→ **ASSIGNMENT**:
From the entries below, copy every line where the string "take" appears.
START INPUT DATA
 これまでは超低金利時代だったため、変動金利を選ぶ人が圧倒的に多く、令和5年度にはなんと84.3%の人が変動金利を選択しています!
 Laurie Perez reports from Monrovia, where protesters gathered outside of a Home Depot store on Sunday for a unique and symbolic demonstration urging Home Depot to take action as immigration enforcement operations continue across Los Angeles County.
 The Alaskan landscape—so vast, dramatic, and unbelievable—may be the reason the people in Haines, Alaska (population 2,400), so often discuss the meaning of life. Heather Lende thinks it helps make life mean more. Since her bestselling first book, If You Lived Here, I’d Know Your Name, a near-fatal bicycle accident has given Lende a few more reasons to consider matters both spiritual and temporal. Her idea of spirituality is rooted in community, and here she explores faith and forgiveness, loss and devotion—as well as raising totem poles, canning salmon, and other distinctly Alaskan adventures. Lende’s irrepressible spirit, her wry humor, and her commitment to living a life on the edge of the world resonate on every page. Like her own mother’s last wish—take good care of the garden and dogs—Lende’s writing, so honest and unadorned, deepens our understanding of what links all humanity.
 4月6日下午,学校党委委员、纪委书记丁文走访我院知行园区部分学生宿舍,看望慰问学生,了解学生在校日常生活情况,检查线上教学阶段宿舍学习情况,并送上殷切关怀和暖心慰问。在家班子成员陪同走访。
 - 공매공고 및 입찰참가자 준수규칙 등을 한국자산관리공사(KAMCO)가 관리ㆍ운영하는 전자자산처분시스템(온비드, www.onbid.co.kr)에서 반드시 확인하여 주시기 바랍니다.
END INPUT DATA
START INPUT DATA
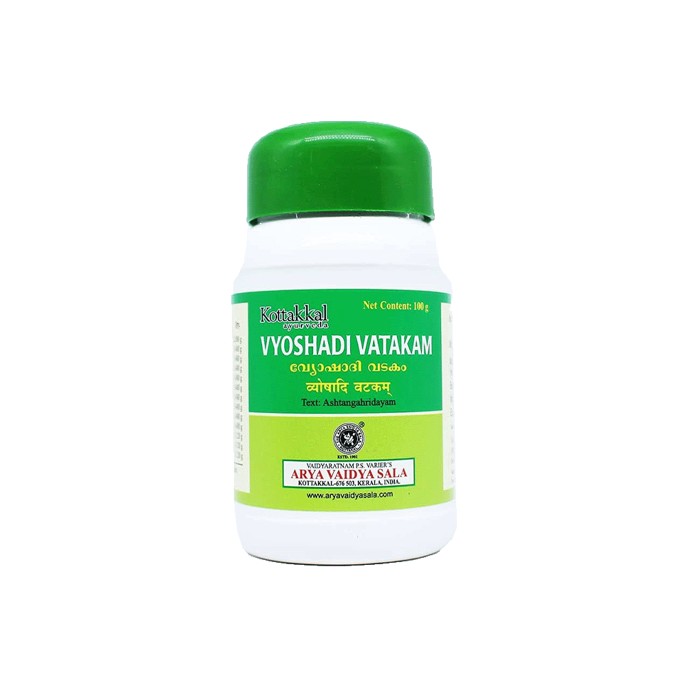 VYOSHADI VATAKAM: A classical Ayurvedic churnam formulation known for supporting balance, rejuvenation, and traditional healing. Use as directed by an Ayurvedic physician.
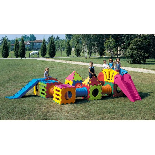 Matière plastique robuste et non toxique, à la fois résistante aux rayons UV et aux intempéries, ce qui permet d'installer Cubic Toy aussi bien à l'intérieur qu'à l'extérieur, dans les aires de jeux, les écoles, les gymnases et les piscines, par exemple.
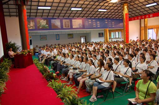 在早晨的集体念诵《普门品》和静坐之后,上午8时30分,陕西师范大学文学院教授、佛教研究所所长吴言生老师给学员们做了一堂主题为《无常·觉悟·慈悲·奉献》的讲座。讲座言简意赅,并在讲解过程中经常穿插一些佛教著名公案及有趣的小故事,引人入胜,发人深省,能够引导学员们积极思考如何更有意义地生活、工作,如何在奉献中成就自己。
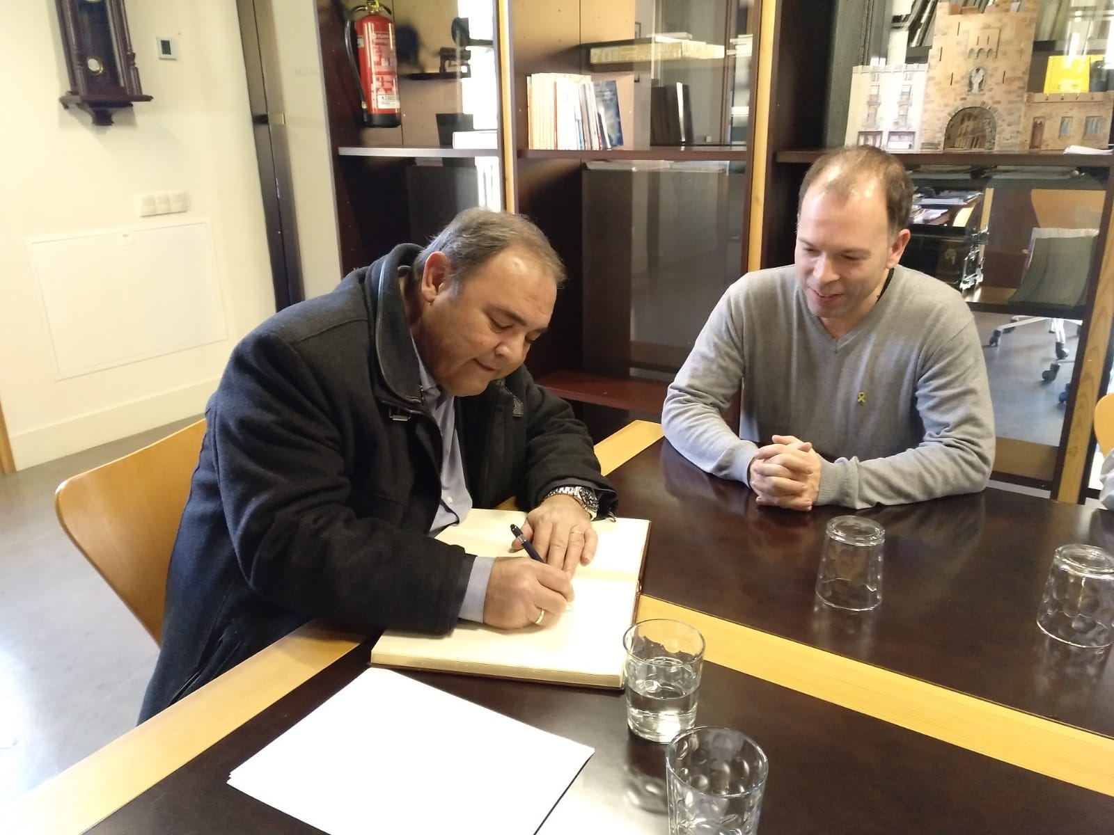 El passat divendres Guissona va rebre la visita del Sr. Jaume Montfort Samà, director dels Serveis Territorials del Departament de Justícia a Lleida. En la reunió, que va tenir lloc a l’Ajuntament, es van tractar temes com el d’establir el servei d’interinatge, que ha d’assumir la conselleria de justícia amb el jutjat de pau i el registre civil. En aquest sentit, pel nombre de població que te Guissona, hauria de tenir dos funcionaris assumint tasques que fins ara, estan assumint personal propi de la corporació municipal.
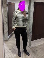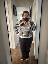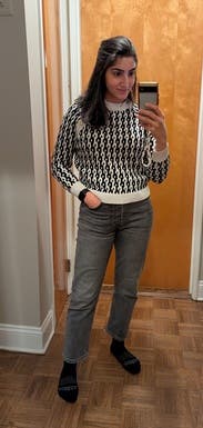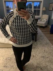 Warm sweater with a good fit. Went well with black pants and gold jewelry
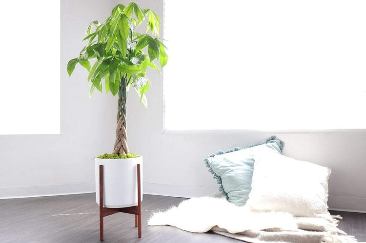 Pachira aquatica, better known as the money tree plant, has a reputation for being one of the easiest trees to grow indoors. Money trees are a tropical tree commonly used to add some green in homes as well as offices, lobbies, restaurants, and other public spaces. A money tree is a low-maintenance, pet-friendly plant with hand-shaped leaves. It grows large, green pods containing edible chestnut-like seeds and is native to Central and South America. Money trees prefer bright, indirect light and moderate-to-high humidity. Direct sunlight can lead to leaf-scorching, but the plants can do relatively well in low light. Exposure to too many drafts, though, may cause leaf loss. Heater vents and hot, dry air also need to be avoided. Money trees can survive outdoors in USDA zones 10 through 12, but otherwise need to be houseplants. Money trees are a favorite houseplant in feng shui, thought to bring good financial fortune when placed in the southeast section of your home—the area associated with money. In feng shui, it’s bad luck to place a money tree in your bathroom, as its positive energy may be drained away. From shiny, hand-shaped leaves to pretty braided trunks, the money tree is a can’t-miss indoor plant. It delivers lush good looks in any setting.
END INPUT DATA
START INPUT DATA
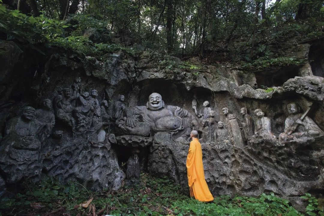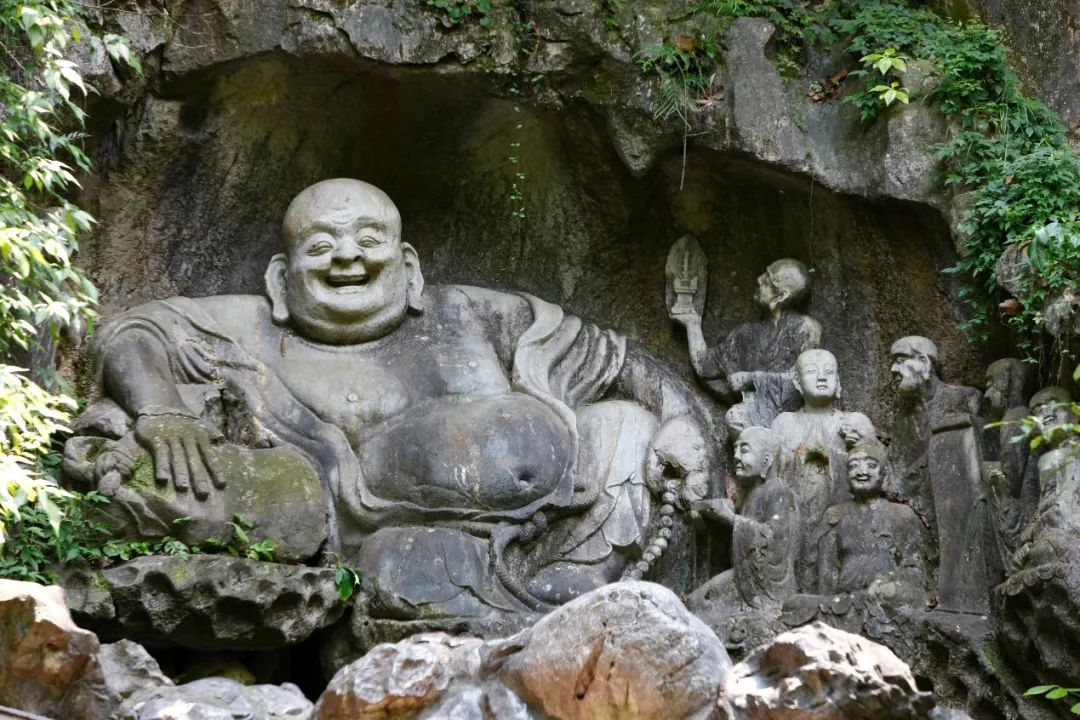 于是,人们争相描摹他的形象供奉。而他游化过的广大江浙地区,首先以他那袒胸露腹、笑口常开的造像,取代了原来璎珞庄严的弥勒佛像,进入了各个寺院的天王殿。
END INPUT DATA
→ **RESULT**:
 Laurie Perez reports from Monrovia, where protesters gathered outside of a Home Depot store on Sunday for a unique and symbolic demonstration urging Home Depot to take action as immigration enforcement operations continue across Los Angeles County.
 The Alaskan landscape—so vast, dramatic, and unbelievable—may be the reason the people in Haines, Alaska (population 2,400), so often discuss the meaning of life. Heather Lende thinks it helps make life mean more. Since her bestselling first book, If You Lived Here, I’d Know Your Name, a near-fatal bicycle accident has given Lende a few more reasons to consider matters both spiritual and temporal. Her idea of spirituality is rooted in community, and here she explores faith and forgiveness, loss and devotion—as well as raising totem poles, canning salmon, and other distinctly Alaskan adventures. Lende’s irrepressible spirit, her wry humor, and her commitment to living a life on the edge of the world resonate on every page. Like her own mother’s last wish—take good care of the garden and dogs—Lende’s writing, so honest and unadorned, deepens our understanding of what links all humanity.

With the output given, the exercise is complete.